9. Discrete BIC Score
9.1. Summary
The Discrete BIC Score is a BIC-type score for discrete Bayesian network structures. It evaluates DAGs where each node has a multinomial conditional probability table (CPT) given its parents.
9.2. When to use
All variables are discrete (categorical).
You are learning a DAG using FGES, BOSS, GRaSP, or similar algorithms on discrete data.
You want a score derived from the multinomial likelihood with a BIC penalty.
9.3. Model class
Discrete Bayes nets with CPTs for each node given its parents.
No latent variables (unless explicitly modeled in a more complex framework).
9.4. Score form (conceptual)
The score has the form:
BIC = 2 * logL − k * ln(N)
where logL is the log-likelihood under the multinomial parameter estimates,
k is the number of free CPT parameters, and N is the sample size.
9.5. Parameters
Parameter (camelCase) |
Description |
|---|---|
|
Double ≥ 0.0. The penalty multiplier “c” in a BIC-type criterion (for example, a score of the form 2·log-likelihood minus c·k·log(N), where k is the number of free parameters and N is the sample size).

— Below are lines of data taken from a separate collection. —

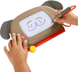 Pozwól swoim dzieciom uwolnić kreatywność z magnetyczną tablicą do rysowania Fisher-Price Poodle Pro. Ta tablica ma kształt pieska, jest łatwa do przenoszenia i odpowiednia dla dzieci od 3 lat. Zawiera przymocowany rysik na sznurku do rysowania oraz suwak do łatwego wymazywania rysunków.
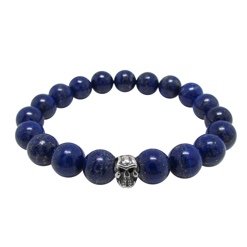 STONE WITH LIL’G SKULL BEAD BRACELET (10mm LAPIS LAZULI)
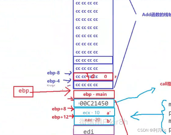 首先ebp-8也就是z放到eax,这样子就防止销毁add后数据也没了。
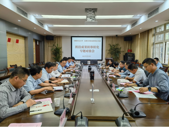 座谈会上,合肥市科技局、学校新农村发展研究学院负责同志分别介绍了合肥市科创委工作机制和学校科技成果转化工作情况。
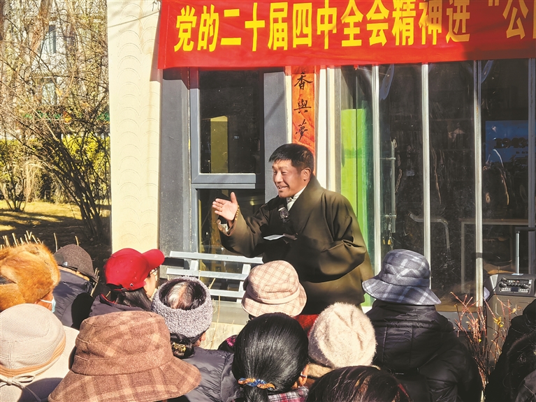 宗角禄康公园一角,宣讲员向群众宣讲党的二十届四中全会精神。

Larger values impose a stronger complexity penalty and yield sparser graphs; smaller values allow denser graphs. Typical defaults are around 1–2. |
|
Double ≥ 0.0. Structure prior coefficient controlling a binomial-style prior on the number of parents per node. When 0.0 (default), the score uses essentially a flat structure prior. Increasing this value encodes a stronger preference for a particular expected in-degree and can bias the search toward graphs whose parent counts match that prior. |
9.6. Strengths
Standard score for discrete Bayesian networks.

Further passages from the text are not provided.